Read more: DeepGlobe 2018: A Challenge to Parse the Earth through Satellite Images (Arxiv).

Trans-Europe Express!: Researchers release diverse ‘EuroCity’ dataset:
…31 cities across 12 countries yields a diverse dataset containing people in a huge variety of contexts…
Researchers with the Environment Perception Group at carmaker Daimler AG and the Intelligent Vehicles Group at TU Delft have released EuroCity, a large-scale dataset for object and pedestrian detection within urban scenes. EuroCity comprises 45,000 distinct images containing more than a hundred thousand pedestrians in weather settings ranging from dry to wet. The dataset is one of the largest and most diverse yet released for detecting people in urban scenes and will be of particular interest to self-driving car developers.

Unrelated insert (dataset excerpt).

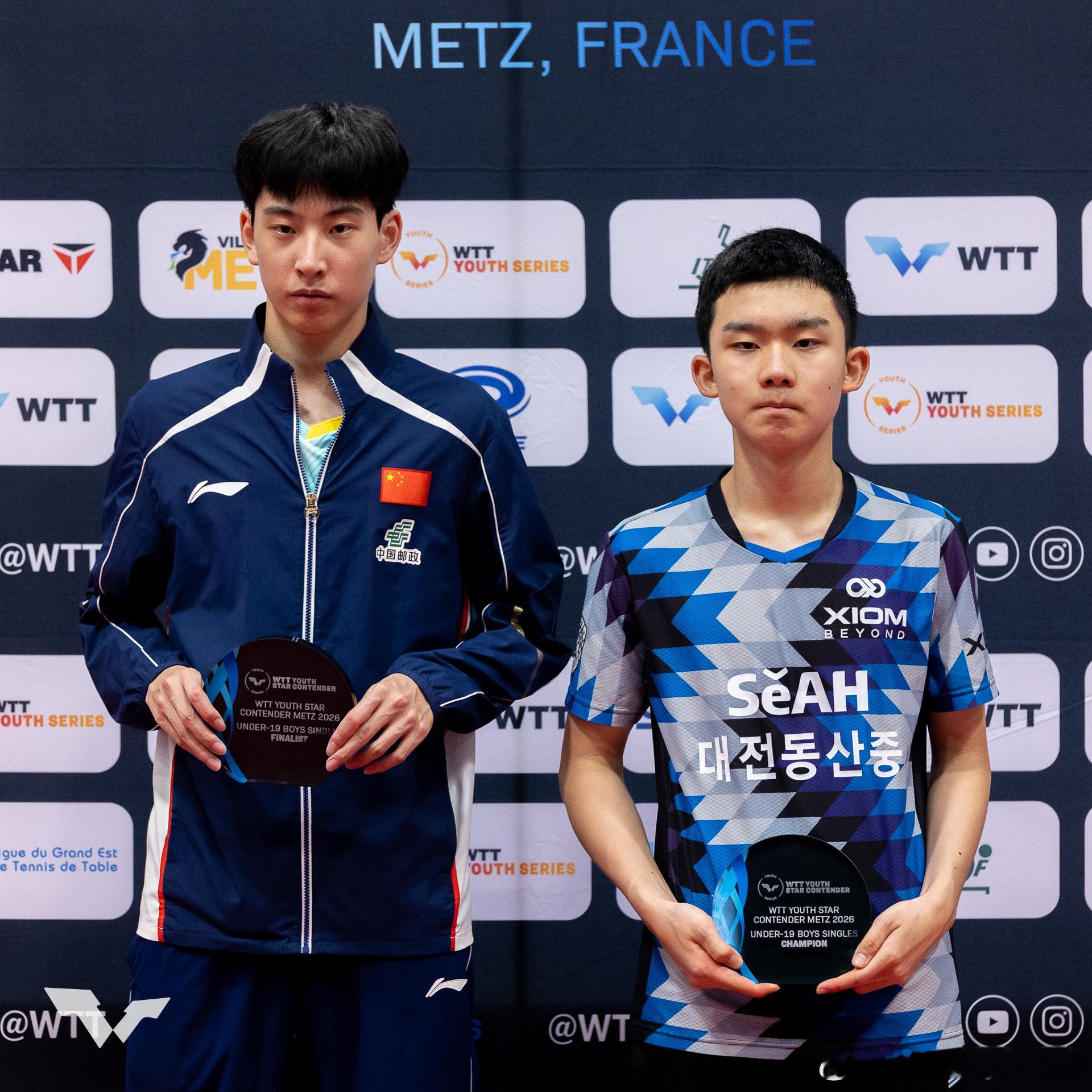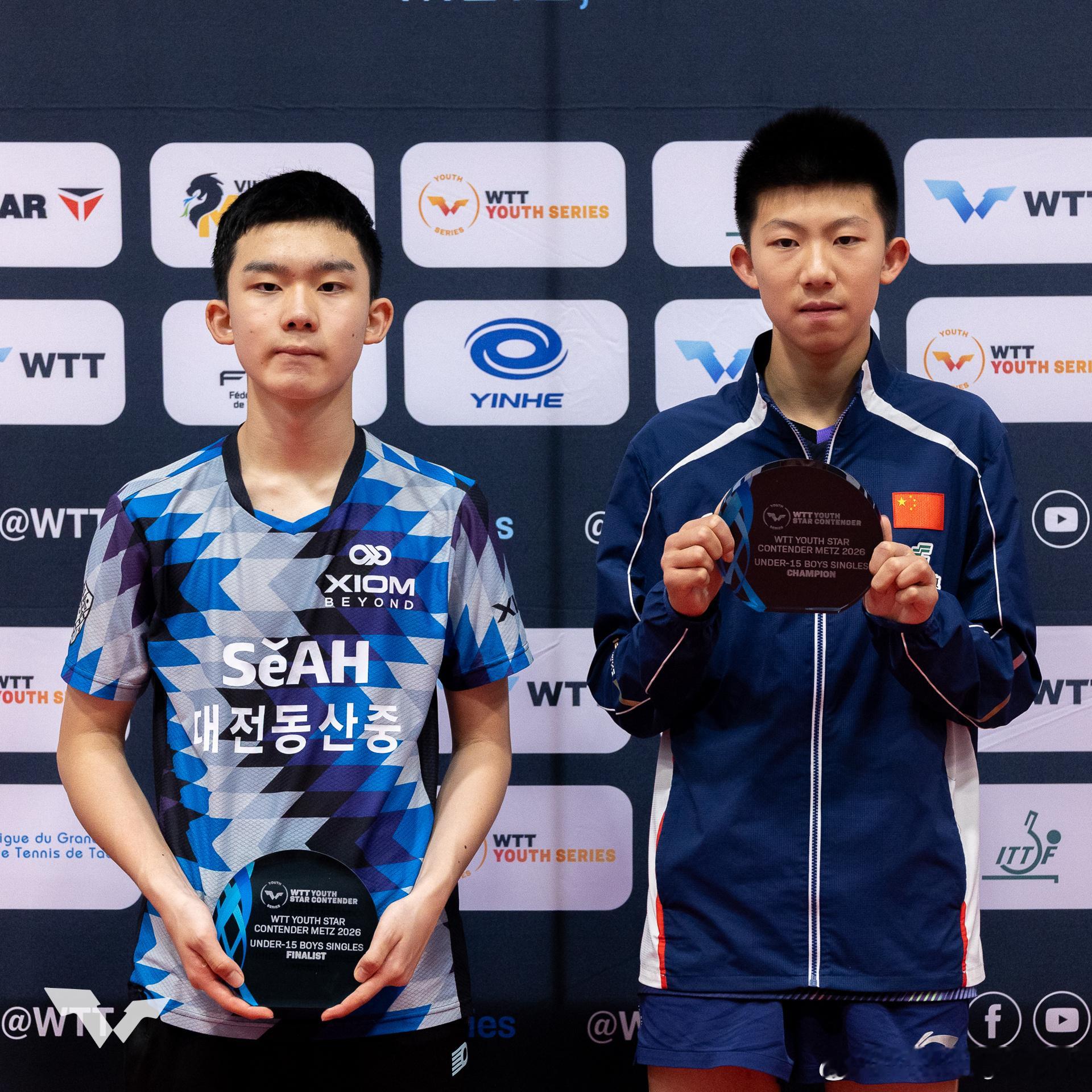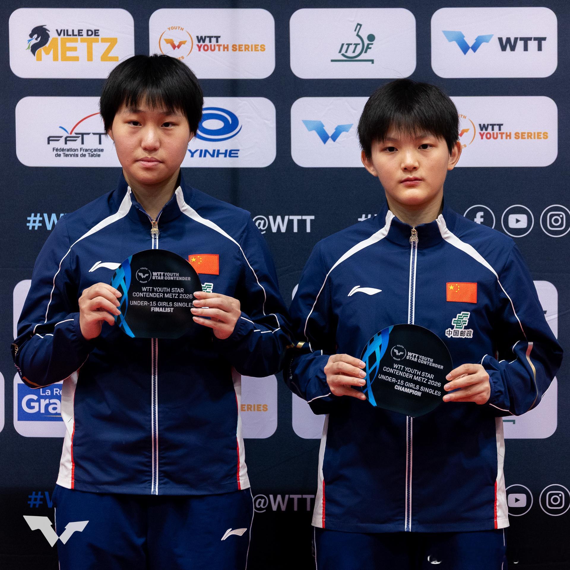 WTT青少年球星挑战赛梅斯站2026U15女单冠军:🇨🇳祝启慧🥇 亚军:🇨🇳孙笑薇🥈U15男单冠军:🇨🇳陈逸舟🥇 亚军:🇰🇷李承洙🥈U19女单冠军:🇰🇷李慧潾🥇 亚军:🇫🇷阿莱西亚·诺丁🥈U19男单冠军:🇰🇷李承洙🥇 亚军:🇨🇳李和宸🥈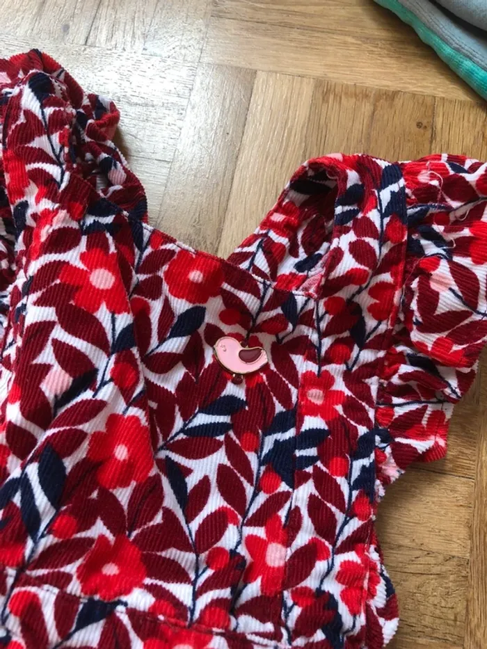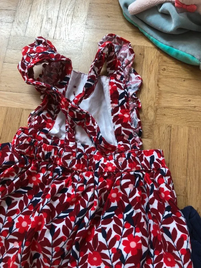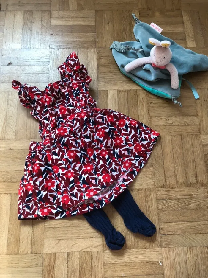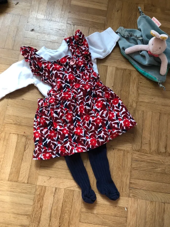 Ensemble sergent major : -robe chasuble en velour côtelé motif liberty (a porte au dessus d’un body ou d’un t shirt blanc par exemple) -les collants en pointure 15-16 (environ 1-3 mois) assortis 3 mois, excellent état Le t shirt blanc n’est pas vendu avec

  Data: The researchers collected the data via a two megapixel camera installed on the dashboard of their car which they drove through 31 cities in 12 European countries.. The dataset’s diversity may help with generalization; results indicate that pre-training on the dataset substantially improved performance when transferring to solve tasks within the more widely-used CityPersons and KITTI datasets.
  Annotations: Pedestrians and vehicle riders are annotated in the dataset. If a rider, they are also annotated with sub-labels to describe their vehicle, such as bicycle, buggy, motorbike, scooter, tricycle, and wheelchair. The researchers also annotate confounding images, like posters that depict people, or images that catch reflections of people in windows, and additional phenomena like lens flares, motion blurs, raindrops, and so on. Annotations were performed via hand.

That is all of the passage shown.